Advertisement

Santa Monica High-Rise to Sell for $90 Million

Share
SPECIAL TO THE TIMES

One of Southern California’s most desirable office buildings, 100 Wilshire in Santa Monica, is being purchased by Brentwood-based Douglas Emmett Realty Advisors for an estimated $90 million, The Times has learned.

The sale by Asahi Urban Development is believed to be one of the few cases in which Japanese owners of trophy properties purchased at the peak of the 1980s real estate boom in California have received more for a building than they paid for it.

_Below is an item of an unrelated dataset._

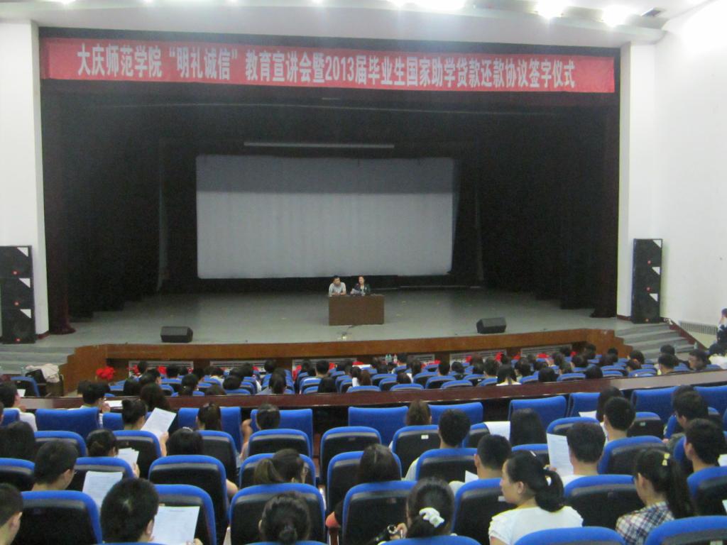6月5日上午,我校“明礼诚信”教育宣讲会暨2013届毕业生还款协议签字仪式在大学生活动中心举行,410名贷款毕业生到场签订还款协议。

Douglas Emmett, perhaps the most aggressive buyer of high-quality office buildings in the Los Angeles area during the last five years, is expected to take ownership soon of the 21-story tower overlooking the beach at Wilshire Boulevard and Ocean Avenue, according to knowledgeable real estate sources.

Advertisement

The building, Santa Monica’s tallest, was originally developed by bandleader Lawrence Welk in 1968. It served as GTE California’s headquarters during the 1970s and early 1980s. Today the white skyscraper commands some of Southern California’s highest rents, with asking rates for the scant amount of space now available as high as $4.50 per square foot monthly--a rate rarely matched even at the most expensive offices in Beverly Hills and Century City.

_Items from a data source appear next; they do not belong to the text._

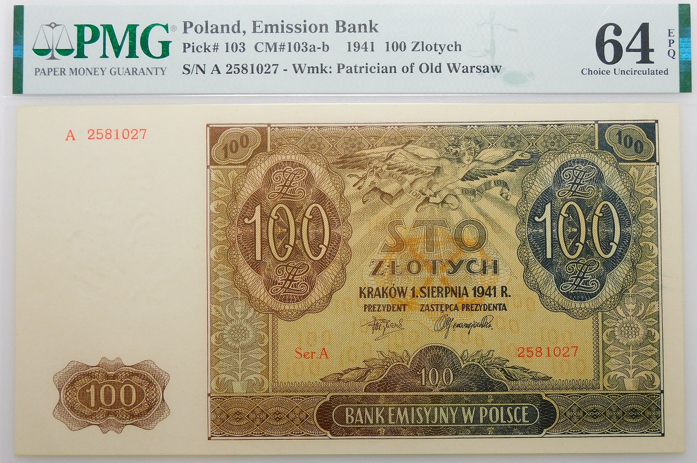 Atrakcyjny egzemplarz, potwierdzony wysoką notą gradingową PMG, z adnotacją EPQ świadczącą o wyjątkowej jakości papieru,
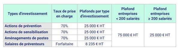 - d’actions de prévention relatives à l’achat d’équipements, à la réalisation de diagnostics ergonomiques et à la formation (salariés, formateurs, dirigeants) ;
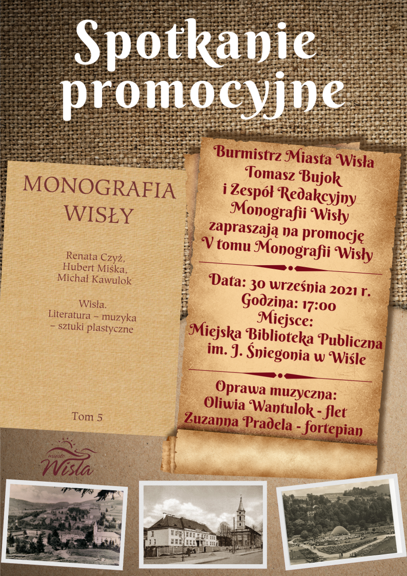 Burmistrz Miasta Wisła Tomasz Bujok i Zespół Redakcyjny Monografii Wisły zapraszają na promocję V tomu Monografii Wisły zatytułowanego „Wisła. Literatura – muzyka – sztuki plastyczne" autorstwa Renaty Czyż, Huberta Miśki i Michała Kawuloka. Spotkanie odbędzie się w dniu 30 września o godz. 17:00 w sali widowiskowej Miejskiej Biblioteki Publicznej im. J. Śniegonia w Wiśle.
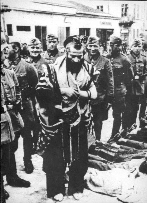 Poland ,Olkusz, שוטרים גרמנים משפילים את רבי משה בן יצחק הגרמן באירועי 'יום רביעי העקוב מדם', 31/07/1940. ארכיון יד ושם, 1541/1

Managers at Douglas Emmett, who acquire and operate real estate on behalf of institutional investors, as usual declined to comment on their investment activities. The company already owns Santa Monica’s second-tallest office building, the 12-story 401 Wilshire, and at least three others in the downtown district. It recently acquired three other Los Angeles-area office properties and is also said to be pursuing a pair of Century City high-rises.

Real estate brokerage Cushman & Wakefield confirmed that it has been engaged to sell the property on behalf of San Francisco real estate investment trust AMB Property Corp., which acts as advisor to the property’s owner, an affiliate of Japan’s Asahi Urban Development. Cushman & Wakefield and AMB representatives declined further comment.

Asahi Urban acquired the tower in 1987 for a reported $73 million after a local affiliate of Dallas’ Southmark Corp. bought, renovated and leased the 245,413-square-foot property following GTE’s departure. The Douglas Emmett deal may be one of the few instances in which a Japanese group that bought real estate near the last cyclical peak in the late 1980s actually made a profit by selling it in the 1990s.

“I can’t offhand think of another” such situation in Southern California, said Bob Safai, a broker who has participated in several office-building sales over the last couple years as investors have targeted the strong Westside market. “It’s clearly one of the top buildings in Santa Monica and can never be duplicated” due to zoning restrictions the city has since put in place, the Madison Partners founder added.

Cushman Realty Corp. vice president Eric Olofson, the property’s leasing agent since 1991, said the building has essentially been fully occupied for the last two years. Among the larger tenants are money manager Roxbury Capital Management, law firm O’Neill Lysaght & Sun and real estate developer Raleigh Enterprises.